I ask the flat cap-wearing guy in front if he’s not going for it: ‘No, you go ahead mate.' Then he adds what I take as a disparaging comment about the Greatest Rapper Of All Times: 'Just take it away.’ Now I feel my protective instincts kicking in. I am honoured to give this record the home it deserves.
While Rat Records may not have the history, the dusty scope or the high-end boutique appeal of some of the record spots in Chicago and New York, they're priced to sell and the ethos, of keeping stock moving, works. Within minutes of the store opening the tiny place is swarming with vinyl hunters and the till is ringing. And this in an age when record shops are supposed to be going the way of the phone box.
Another plus: after gorging on old soul, jazz and gospel in the States, it's a pleasure to be back in this country for the old UK hip-hop that crops up – Rat has tons of classics on old '90s labels like Kold Sweat.
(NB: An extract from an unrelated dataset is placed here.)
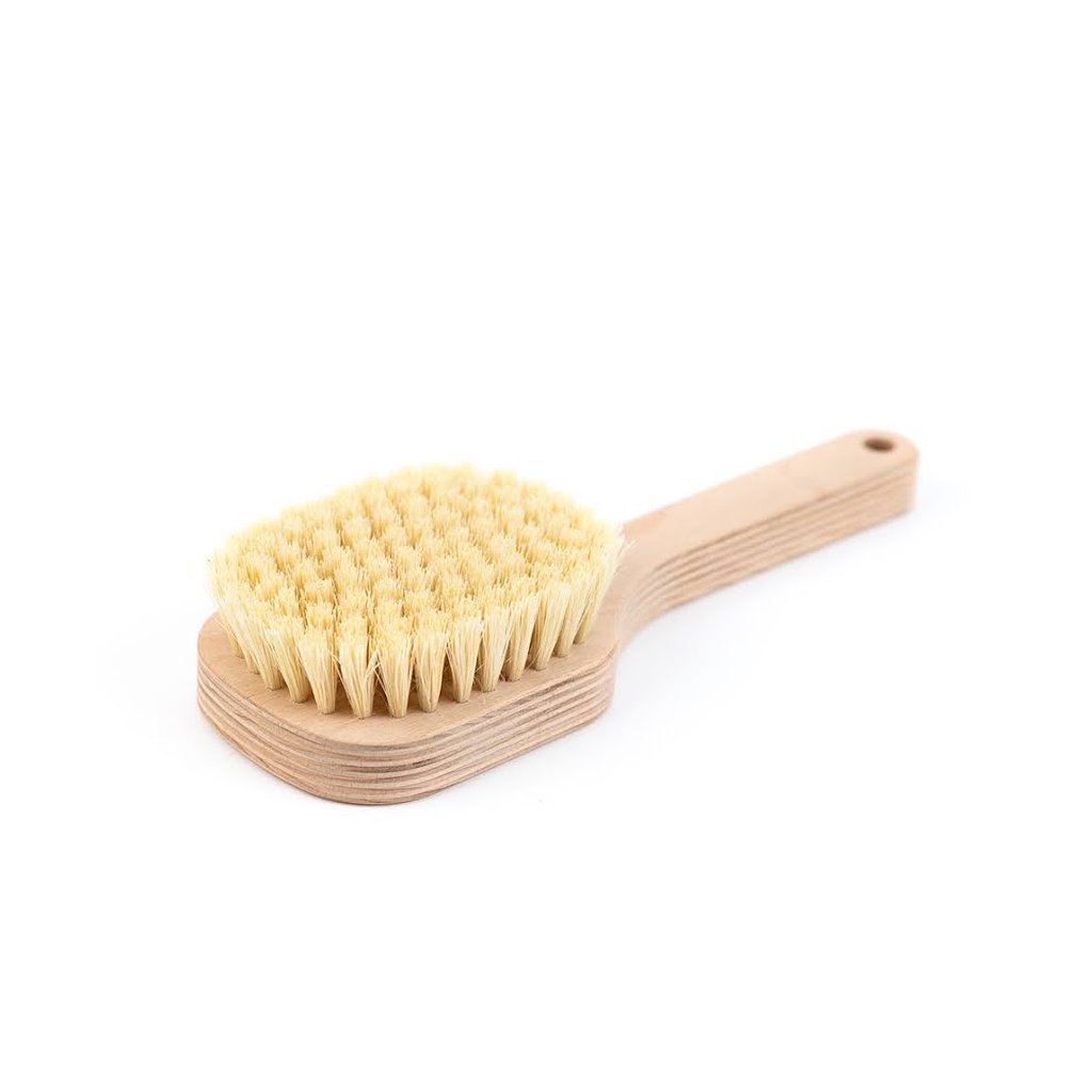 navíc díky speciální bukové vazbě a ošetření rukojeti můžete kartáčovat i pod tekoucí vodou, nebo ve vaně. Kartáč má tvrdší štětiny, doporučujeme těm, kteří mají odolnou pokožku, nebo pokročilým, kterým už kartáčování kartáčem střední tvrdosti nestačí. Pokud máte jemnou a citlivou pokožku těla, můžeme doporučit verzi kartáče se štětinami střední tvrdosti.

I retrieve the 12" copy of London Posse's 'How’s Life In London', a record I bought on mail order when it came out in 1993, and lost around 1995. Whoever has my original copy may now sleep easily. Anyone who owns a Dizzy Rascal record really has a duty to check out these founding fathers of British hip-hop:
So where do we go next? This whole thing started as a document of Cornish car-boot shopping which, while maybe not leading to the rarest, oldest or deepest records, will be cheap and is guaranteed to be funny. I need to get back to Cornwall to carry on. Not least because I finally saw this short documentary, Secondhand Sureshots:
‘Do you have any methods for cleaning off the dust?’
‘Keep the dust. It’s part of the seasoning.’
It’s a beautiful film in which four producers are sent out to separate thift stores and challenged to buy five records for $5, and to make something new from what they find. It taps into the power of serendipity in record hunting, the beauty in creating new art from old trash, and the cockroach-like survival instinct of Barbara Streisand records in charity shop bins. When the button's pressed and even the rats are killed, they're the only things that'll survive a nuclear holocaust.